Extracted data entries
* * * *

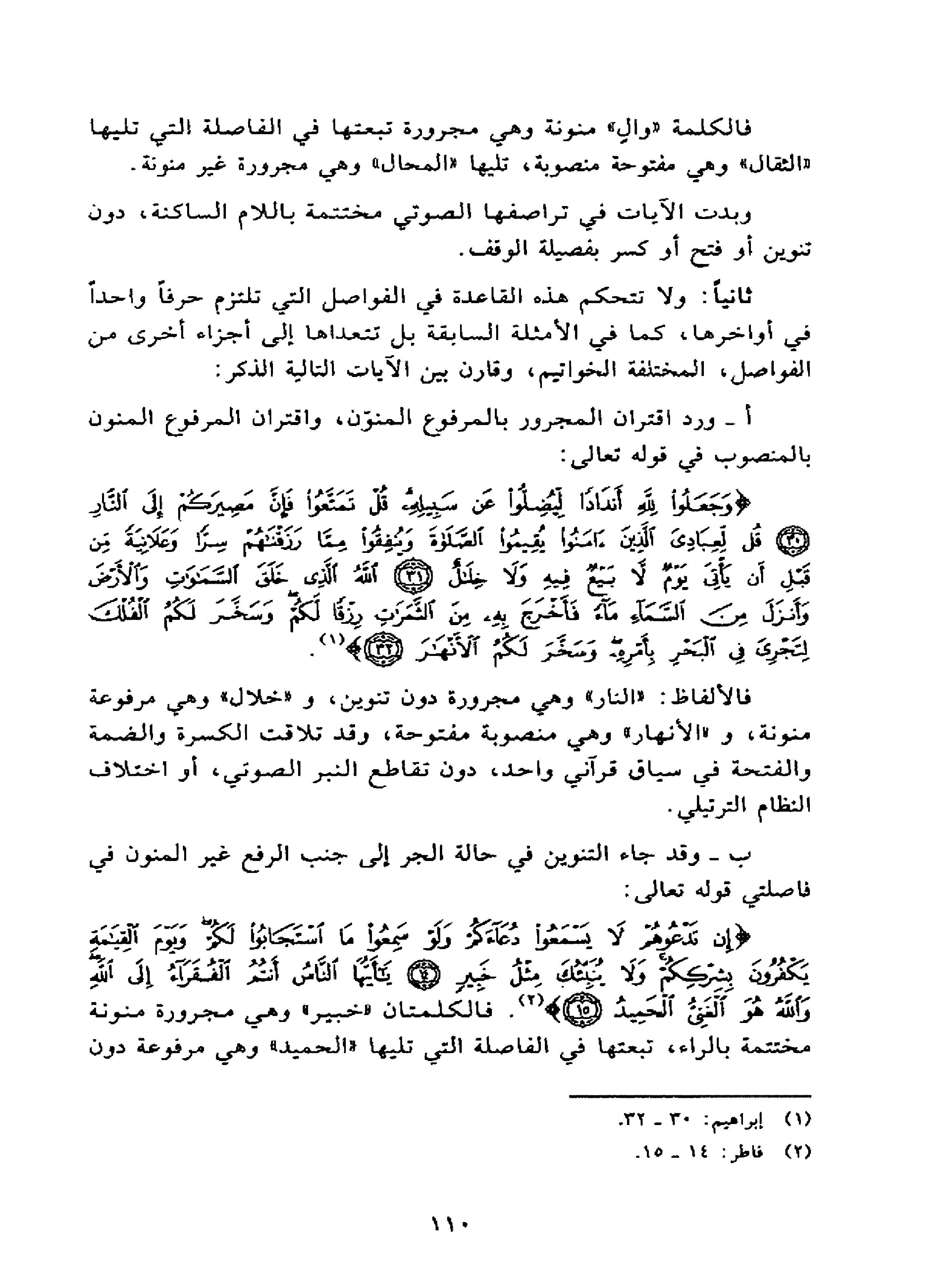 ب ـ وقد جاء التنوين في حالة الجر إلى جنب الرفع غير المنون في فاصلتي قوله تعالى:
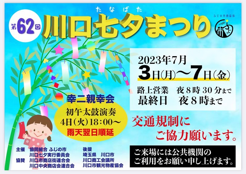 川口七夕まつり第64回ふじの市商店街 お知らせ📢 第64回 川口七夕まつり 開催します🙋♀️2025年7月3日木曜日〜7日月曜日 最終日20時までご来場の際は ✓熱中症対策を ✓混雑を避けて ✓交通機関をご利用いただき ✓ゴミ捨てのご協力✓譲り合いの気持ちをもって。
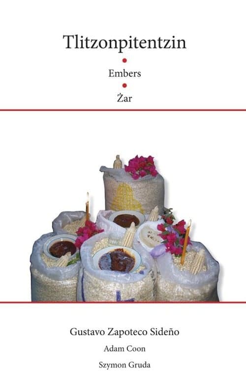 Tom wierszy wybitnego współczesnego poety nahua Gustava Zapoteca Sidena wraz z przekładem literackim w językach angielskim i polskim Adama Coona i Szymona Grudy. Każdy z wierszy jest „żarem czasu”, nośnikiem pradawnych słów, które nie całkiem jeszcze zamilkły, mającym moc ożywiania przeszłości i czynienia jej częścią teraźniejszości. Inin xochicuicaamoxtli tlen quiihcuiloh huei xochicuicatlahcuilohquetl Gustavo Zapoteco Sideno no quitlahtolcuepqueh ica ingleztlahtolli huan polacohtlahtolli Adam Coon huan Szymon Gruda. Cehce xochicuicatl ce “tlitzontlitzin itech cahuitl” tlen quimama huahcapatlahtolli tlen nocca caquizti, tlen quichamanaltia huan quiyancuilia tococolhuan huan tocicihhuan ininnemiliz. This book of poems by the distinguished contemporary Nahua author Gustavo Zapoteco Sideno includes literary translations in English and Polish by Adam Coon and Szymon Gruda. Each of the poems is “an ember of time,” a carrier of ancient words that have not been silenced, having the power to revive the past and make it part of the present.
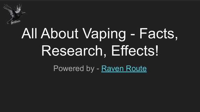 Being new to the world of vaping, you most likely still have a lot of questions about electronic cigarettes and how they work. Checkout our new Presentation All About Vaping - Facts, Research, Effects! if you are looking to Buy Disposable Vape in Discounted Prices visit us on https://ravenroute.com/products/puff-xxl
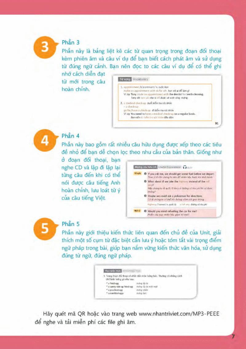 Sách có 11 chương về các chủ đề cần thiết như những hoạt động thường ngày, thói quen, sức khỏe, mua sắm, công việc, lễ Tết. Mục tiêu của sách là giúp bạn giao tiếp một cách lưu loát bằng tiếng Anh.
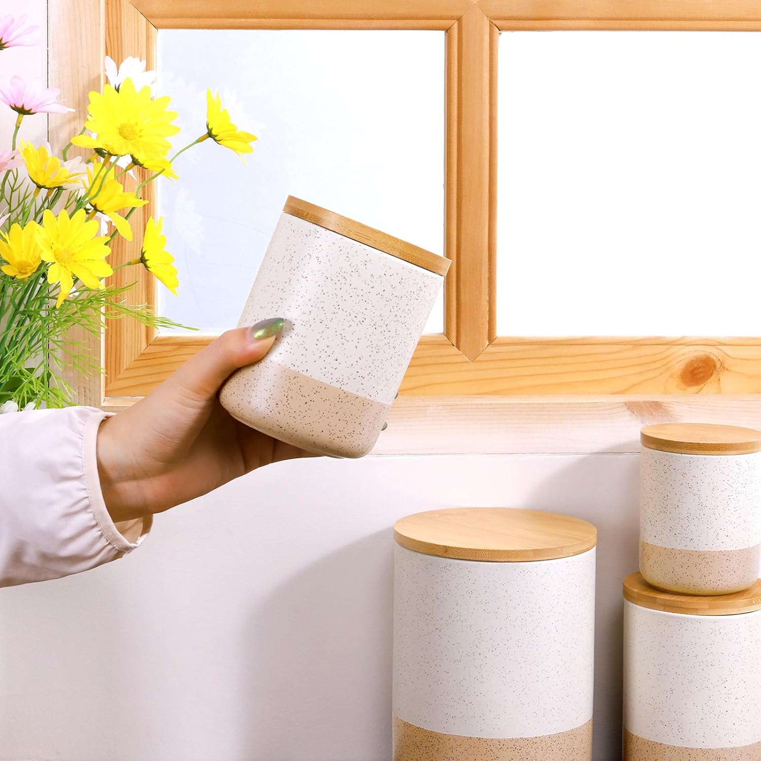 Yangbaga Canister Sets for Kitchen Counter, 20 OZ Large Ceramic Food Storage Jars with Airtight Wood Lids, Large Kitchen Canisters for Coffee, Sugar, Tea, Flour, Spice
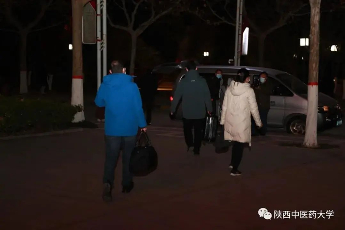 疫情就是命令,防控就是责任。面对当前我省复杂严峻的疫情防控形势,陕西中医药大学按照上级疫情防控工作部署,于2021年12月18日紧急抽调陕西中医药大学省级流调队。大家踊跃报名,经过遴选,公共卫生学院孙娜、张荣强、任晓梅、徐守竹、马诚5名预防医学专业教师前往长安大学雁塔校区参加疫情防控工作,他们连夜集合,整装出发。
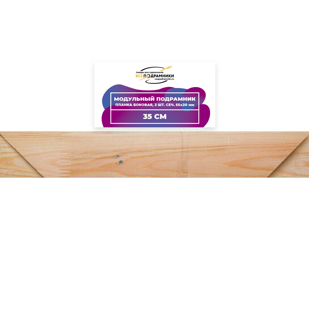 КОМПЛЕКТАЦИЯ • Боковые планки продаются парой (2 шт.) • Для сборки подрамника требуется минимум 2 пары: – 1 пара одного размера – 1 пара другого размера ПРИМЕР СБОРКИ • Планка 50 см (2 шт., сечение 55×20 мм) • Планка 70 см (2 шт., сечение 55×20 мм) В итоге получится подрамник размером 50×70 см ОСОБЕННОСТИ • Планки из древесины сосны 1 сорта • Сечение: 55×18 мм • Все планки можно компоновать между собой • Возможные размеры подрамников: от 15×15 см до 200×200 см ПЕРЕКЛАДИНЫ (СРЕДНИЕ ПЛАНКИ) • Продаются поштучно • Пазы в боковых планках: – До 70 см — без пазов – 70–130 см — 1 паз – 140–180 см — 2 паза – 190–200 см — 3 паза КЛИНЬЯ • Продаются наборами: 8, 10, 12 и 14 шт. ГДЕ НАЙТИ Все наши товары легко найти — кликните на название бренда в карточке товара

* * * *

**Exercise prompt:**
Restate the data word for word from its first line through the line with "川口七夕まつり第64回ふじの市商店街 お知らせ📢 第64回", leaving out any picture along the way.

**Answer to this exercise:**
 ب ـ وقد جاء التنوين في حالة الجر إلى جنب الرفع غير المنون في فاصلتي قوله تعالى:
 川口七夕まつり第64回ふじの市商店街 お知らせ📢 第64回 川口七夕まつり 開催します🙋♀️2025年7月3日木曜日〜7日月曜日 最終日20時までご来場の際は ✓熱中症対策を ✓混雑を避けて ✓交通機関をご利用いただき ✓ゴミ捨てのご協力✓譲り合いの気持ちをもって。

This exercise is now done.